Combining marks, in general, create some interesting edge cases for
substring matching, which is the only place where the decision to
use NFKC rather than NFKD makes a significant difference. The most
significant difference will come with substring matches in Korean;
form NFKC requires Hangul Jamo to be composed into Hangul syllables,
which means that the individual Jamo are not available for substring
matching. I don't speak Korean so I cannot tell if a native speaker
would consider it desirable to, for example, do a substring match
on an initial consonant rather than having to create an "or" of the
several hundred syllables which start with that consonant.

On 16-Nov-04, at 2:01 AM, Rici Lake wrote:


On 16-Nov-04, at 1:38 AM, Steven Legg wrote:

Alternatively,
LDAPprep can just reduce consecutive whitespace to a single space in every
case and leave the syntaxes draft to nominate the circumstances under
which a leading or trailing space is to be removed.

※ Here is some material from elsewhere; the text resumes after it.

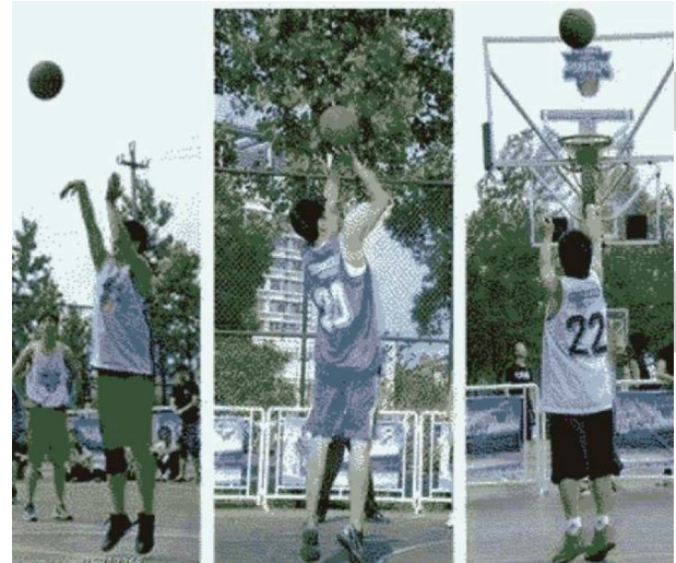
FIGURE 1: Original shooting image of athletes.

According to Figure 3, the accuracy of basketball shooting trajectory automatic capture algorithm based on background elimination proposed in this article can reach 100%, while the accuracy of basketball shooting trajectory automatic capture algorithm based on inertial sensor proposed in literature [5] is only 86%, and in literature [6], the proposed algorithm of determining object position and predicting motion trajectory based on binocular vision has the highest accuracy of only 80%. The automatic basketball shooting trajectory capture algorithm based on background

This seems very sensible to me.

A value can only match (l= *) or (l=* ) if it is all whitespace.

Not quite true. According to the insignificant space deletion rule,
a space is only a candidate for deletion if it is not followed by
a combining mark. Consequently, the sequence U+0041 U+0020 U+0020 U+0301
will be not be altered by ldapprep. (The string is LATIN CAPITAL LETTER A,
SPACE, SPACE, COMBINING ACUTE ACCENT.) One doesn't have to go out of one's
way to produce that sequence; the sequence U+0041 U+0020 U+00B4
(LATIN CAPITAL LETTER A, SPACE, ACUTE ACCENT) will be ldapprep'd into the
first sequence, as a result of the compatibility decomposition of U+00B4
into U+0020 U+0301. (That is, both strings render as "A ´" for anyone
with Unicode mail readers.)


Consequently, even (l= * *) could match something, but I believe that
(l= * * ) is truly impossible.